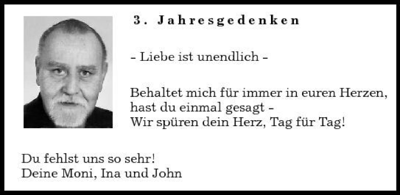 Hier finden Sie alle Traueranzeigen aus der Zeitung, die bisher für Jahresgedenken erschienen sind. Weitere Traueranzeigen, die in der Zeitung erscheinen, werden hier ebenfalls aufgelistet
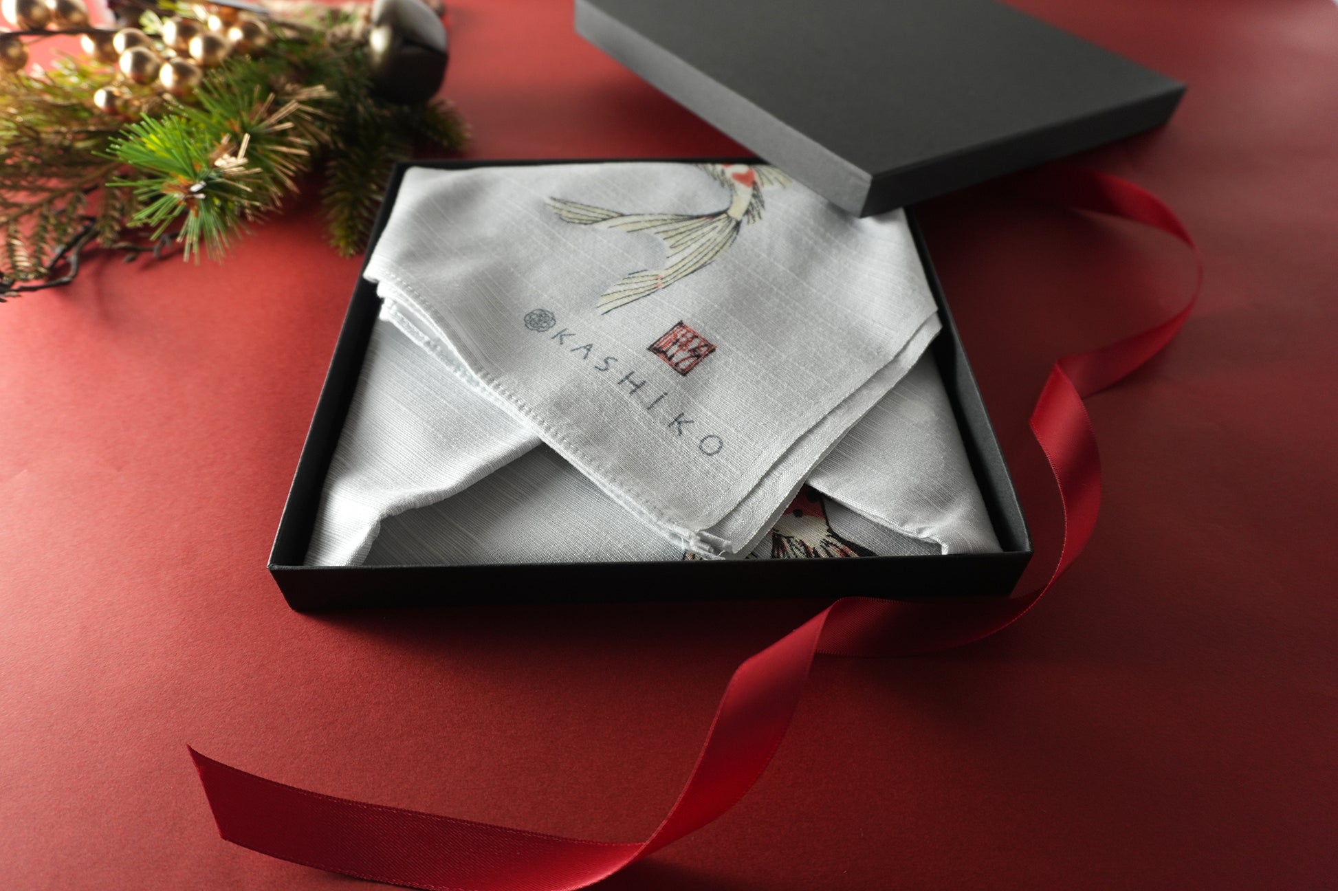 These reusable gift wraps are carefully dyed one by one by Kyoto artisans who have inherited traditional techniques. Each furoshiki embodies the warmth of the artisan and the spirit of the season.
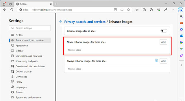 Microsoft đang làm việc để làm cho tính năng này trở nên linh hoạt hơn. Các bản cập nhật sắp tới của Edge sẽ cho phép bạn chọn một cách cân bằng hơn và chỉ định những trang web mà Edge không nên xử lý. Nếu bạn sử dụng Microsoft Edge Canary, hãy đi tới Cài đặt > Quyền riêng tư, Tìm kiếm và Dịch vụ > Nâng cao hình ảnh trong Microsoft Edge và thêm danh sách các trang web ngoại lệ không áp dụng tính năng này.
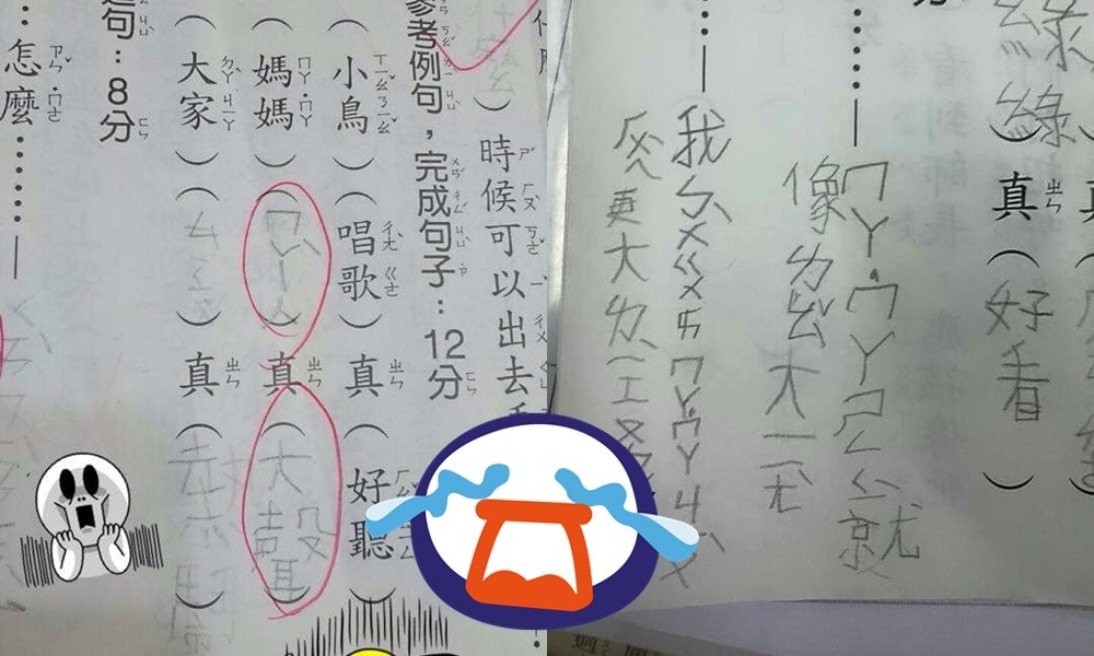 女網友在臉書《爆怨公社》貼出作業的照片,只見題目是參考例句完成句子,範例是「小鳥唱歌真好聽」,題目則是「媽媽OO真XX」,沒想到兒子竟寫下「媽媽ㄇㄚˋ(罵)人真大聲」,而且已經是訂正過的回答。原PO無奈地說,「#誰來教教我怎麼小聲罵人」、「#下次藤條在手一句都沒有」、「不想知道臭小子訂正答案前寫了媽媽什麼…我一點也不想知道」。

───

Print all the lines above again exactly, without any pictures.

 Hier finden Sie alle Traueranzeigen aus der Zeitung, die bisher für Jahresgedenken erschienen sind. Weitere Traueranzeigen, die in der Zeitung erscheinen, werden hier ebenfalls aufgelistet
 These reusable gift wraps are carefully dyed one by one by Kyoto artisans who have inherited traditional techniques. Each furoshiki embodies the warmth of the artisan and the spirit of the season.
 Microsoft đang làm việc để làm cho tính năng này trở nên linh hoạt hơn. Các bản cập nhật sắp tới của Edge sẽ cho phép bạn chọn một cách cân bằng hơn và chỉ định những trang web mà Edge không nên xử lý. Nếu bạn sử dụng Microsoft Edge Canary, hãy đi tới Cài đặt > Quyền riêng tư, Tìm kiếm và Dịch vụ > Nâng cao hình ảnh trong Microsoft Edge và thêm danh sách các trang web ngoại lệ không áp dụng tính năng này.
 女網友在臉書《爆怨公社》貼出作業的照片,只見題目是參考例句完成句子,範例是「小鳥唱歌真好聽」,題目則是「媽媽OO真XX」,沒想到兒子竟寫下「媽媽ㄇㄚˋ(罵)人真大聲」,而且已經是訂正過的回答。原PO無奈地說,「#誰來教教我怎麼小聲罵人」、「#下次藤條在手一句都沒有」、「不想知道臭小子訂正答案前寫了媽媽什麼…我一點也不想知道」。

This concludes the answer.